» WHAT THE TASK REQUIRES: Without the pictures, repeat the listing character for character.

DATA BELOW START

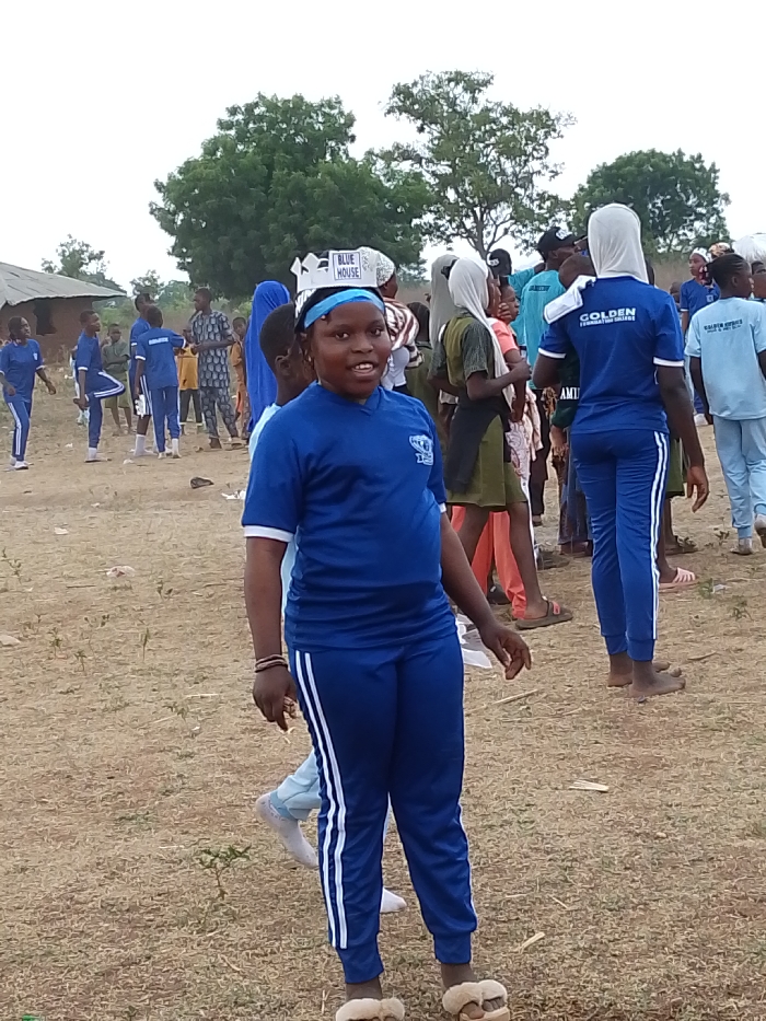 A young girl stands prominently in the foreground in Oduma Hill, Nigeria, smiling at the viewer. She is wearing a blue short-sleeved shirt with white trim on the sleeves and a small white logo on the left chest, paired with matching blue track pants featuring two white stripes down each side. On her head, she has a blue headband and a white paper crown with "BLUE HOUSE" printed in blue text. Multiple brown, bead-like bracelets are visible on her left wrist, and she wears fluffy, light-colored slippers. In the mid-ground, numerous individuals are gathered on dry, reddish-brown earth with sparse green plant growth. Many wear similar blue athletic attire, suggesting uniforms. One individual, facing away from the camera in the mid-right, wears a blue shirt with "GOLDEN FOUNDATION COLLEGE" printed on the back in white text, and matching blue striped pants. Other background figures wear various casual clothing, including patterned garments and head coverings. In the far background, large green trees are visible beneath a bright sky, along with a simple building structure to the left. The assembled individuals appear to be standing or milling about.
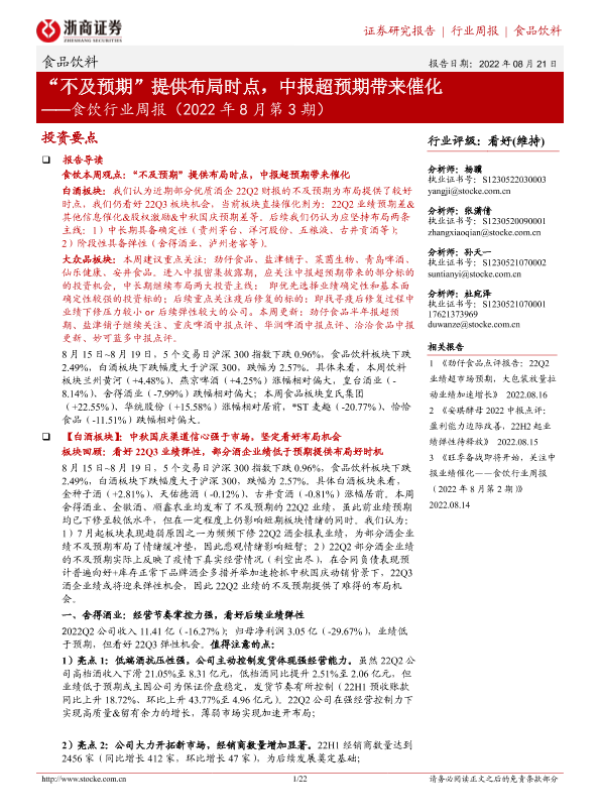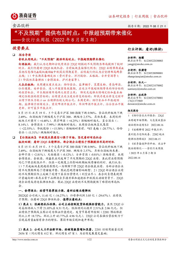【浙商证券】【20220821】食饮行业周报(2022年8月第3期):“不及预期”提供布局时点,中报超预期带来催化-22页
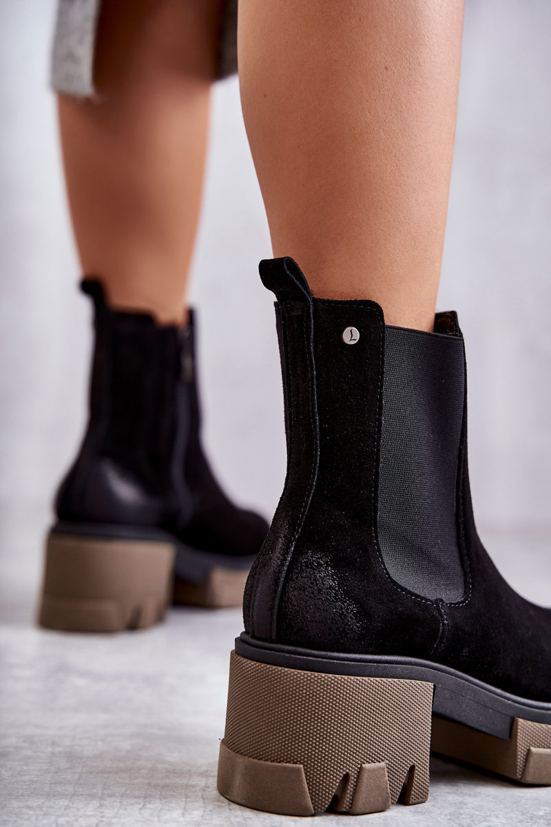 Zamszowe Damskie Botki Na Platformie Czarne Lemar Hilde
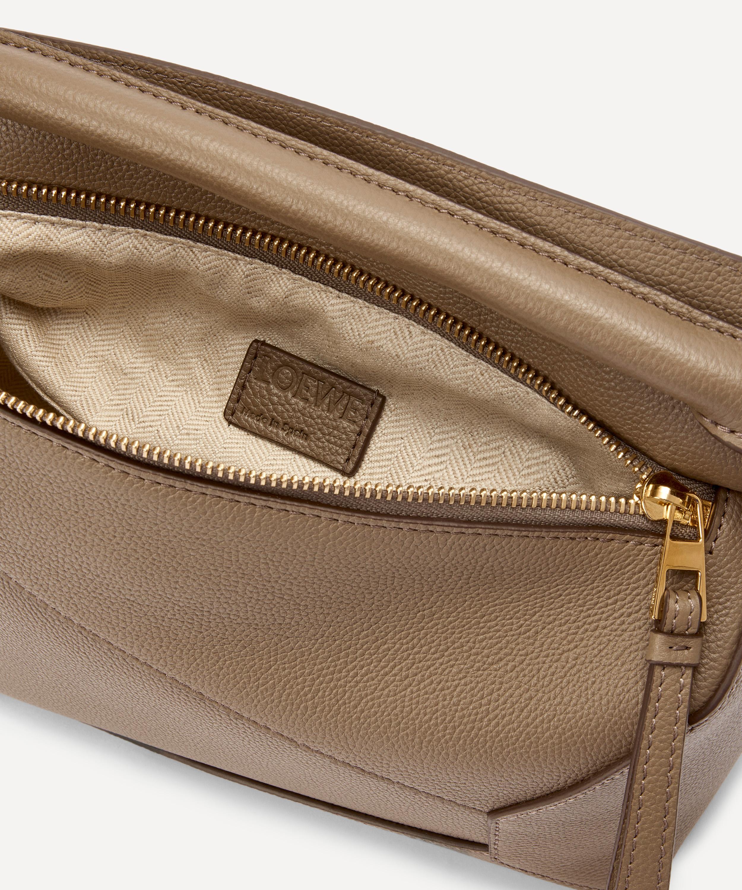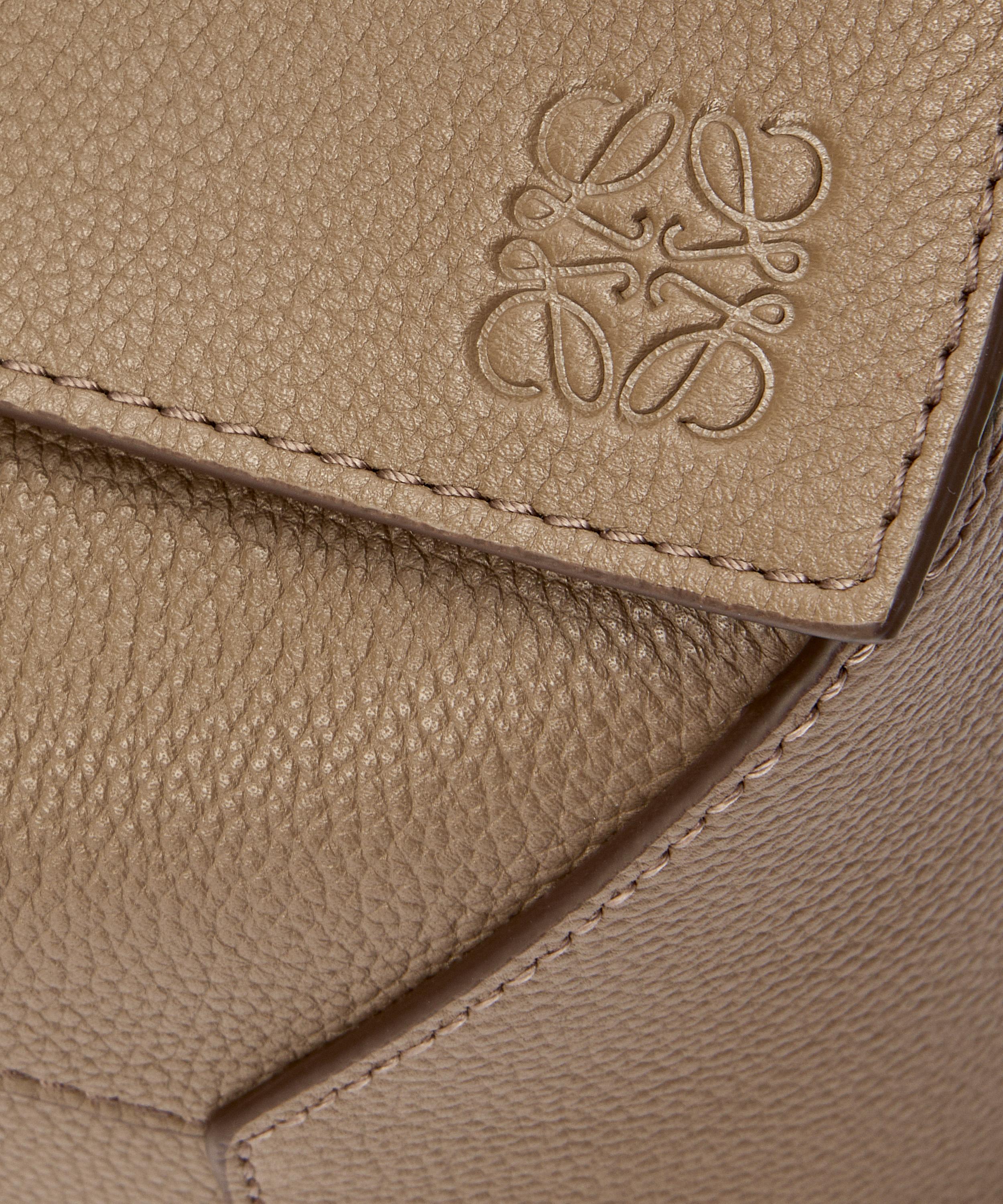 Cut from grained calfskin leather, this small rendition of Loewe's Puzzle bag is characterised by the same boxy cuboid silhouette that can be folded in several different ways thanks to the precisely cut geometric panels across the exterior. The design is fitted with a spacious main compartment that can hold a small vertical wallet, most mobile phones, and sunglasses case, while the brand's distinctive Anagram logo is embossed at the front. Complete with a top handle and a detachable shoulder strap, it can be worn across the body, over the shoulder or even folded down flat for an artful alternative to your usual clutch bag.

DATA BELOW END

» EXPECTED OUTPUT:
 A young girl stands prominently in the foreground in Oduma Hill, Nigeria, smiling at the viewer. She is wearing a blue short-sleeved shirt with white trim on the sleeves and a small white logo on the left chest, paired with matching blue track pants featuring two white stripes down each side. On her head, she has a blue headband and a white paper crown with "BLUE HOUSE" printed in blue text. Multiple brown, bead-like bracelets are visible on her left wrist, and she wears fluffy, light-colored slippers. In the mid-ground, numerous individuals are gathered on dry, reddish-brown earth with sparse green plant growth. Many wear similar blue athletic attire, suggesting uniforms. One individual, facing away from the camera in the mid-right, wears a blue shirt with "GOLDEN FOUNDATION COLLEGE" printed on the back in white text, and matching blue striped pants. Other background figures wear various casual clothing, including patterned garments and head coverings. In the far background, large green trees are visible beneath a bright sky, along with a simple building structure to the left. The assembled individuals appear to be standing or milling about.
【浙商证券】【20220821】食饮行业周报(2022年8月第3期):“不及预期”提供布局时点,中报超预期带来催化-22页
 Zamszowe Damskie Botki Na Platformie Czarne Lemar Hilde
 Cut from grained calfskin leather, this small rendition of Loewe's Puzzle bag is characterised by the same boxy cuboid silhouette that can be folded in several different ways thanks to the precisely cut geometric panels across the exterior. The design is fitted with a spacious main compartment that can hold a small vertical wallet, most mobile phones, and sunglasses case, while the brand's distinctive Anagram logo is embossed at the front. Complete with a top handle and a detachable shoulder strap, it can be worn across the body, over the shoulder or even folded down flat for an artful alternative to your usual clutch bag.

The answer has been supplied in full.